RD(n, t); REP(i, n) RD(A[i].h), RDD(A[i].l, A[i].r);
A[n++] = MP(0, MP(-INF, INF)), A[n++] = MP(t, MP(-INF, INF));

#undef h
#undef l
#undef r
#define h A[i].fi
#define l A[i].se.fi
#define r A[i].se.se

T.insert(MP(-INF, 0)), T.insert(MP(INF, 0));

sort(A, A+n), f[0] = 2*INF; FOR(i, 1, n){
set<PII>::iterator ll = T.lower_bound(MP(l, INF)), rr;
for (rr=--ll,nn=0;rr->fi<r;++rr) stk[++nn]=rr->se;
if(ll->fi!=l) ++ll; stk[nn+1]=0;

T.erase(ll, rr), T.insert(MP(l, i));
if (rr->fi != r) T.insert(MP(r, stk[nn]));

//ECH(it, T) cout << it->fi <<  ", "; cout << endl;

REP_1(ii, nn){
if (stem(i, stk[ii-1], stk[ii]) || stem(i, stk[ii+1], stk[ii])) continue;
checkMax(f[i], min(f[stk[ii]], overlap(i, stk[ii])));
}
}
OT(f[n-1]);
}


## Problem E. Prime Matrix

### Brief description:

In this problem we have an n × m rectange.
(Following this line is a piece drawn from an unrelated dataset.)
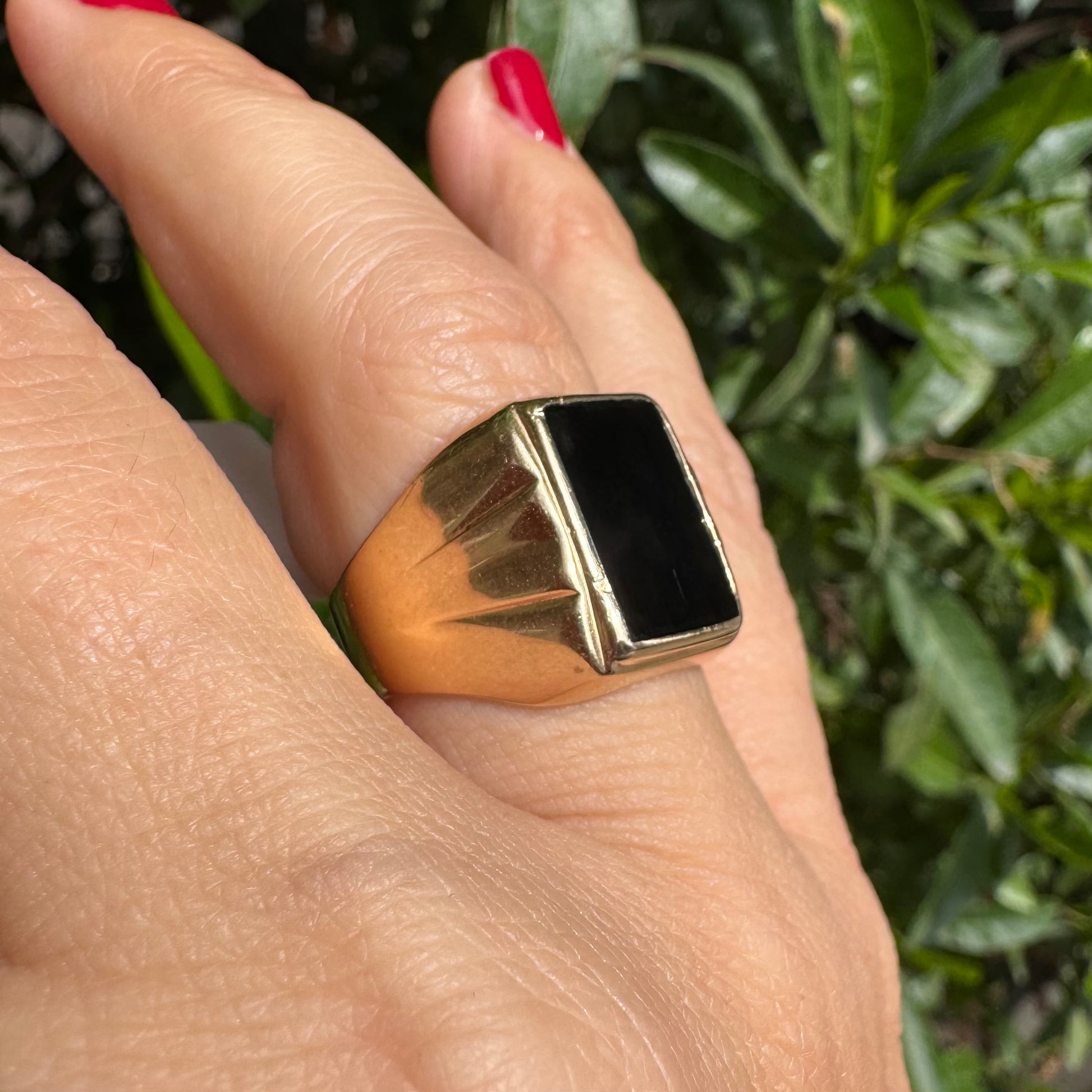 טבעת זהב צהוב 14 קראט משובצת אבן אוניקס שחורה מלבנית

Each unit midpoint is connected with a segment to some other midpoint not on the same side of the rectangle. We can change the order of the columns and rows, but the segments must remain attached to their midpoints. We should find such a rearrangement that no two segments intersect, or tell that there is no solution.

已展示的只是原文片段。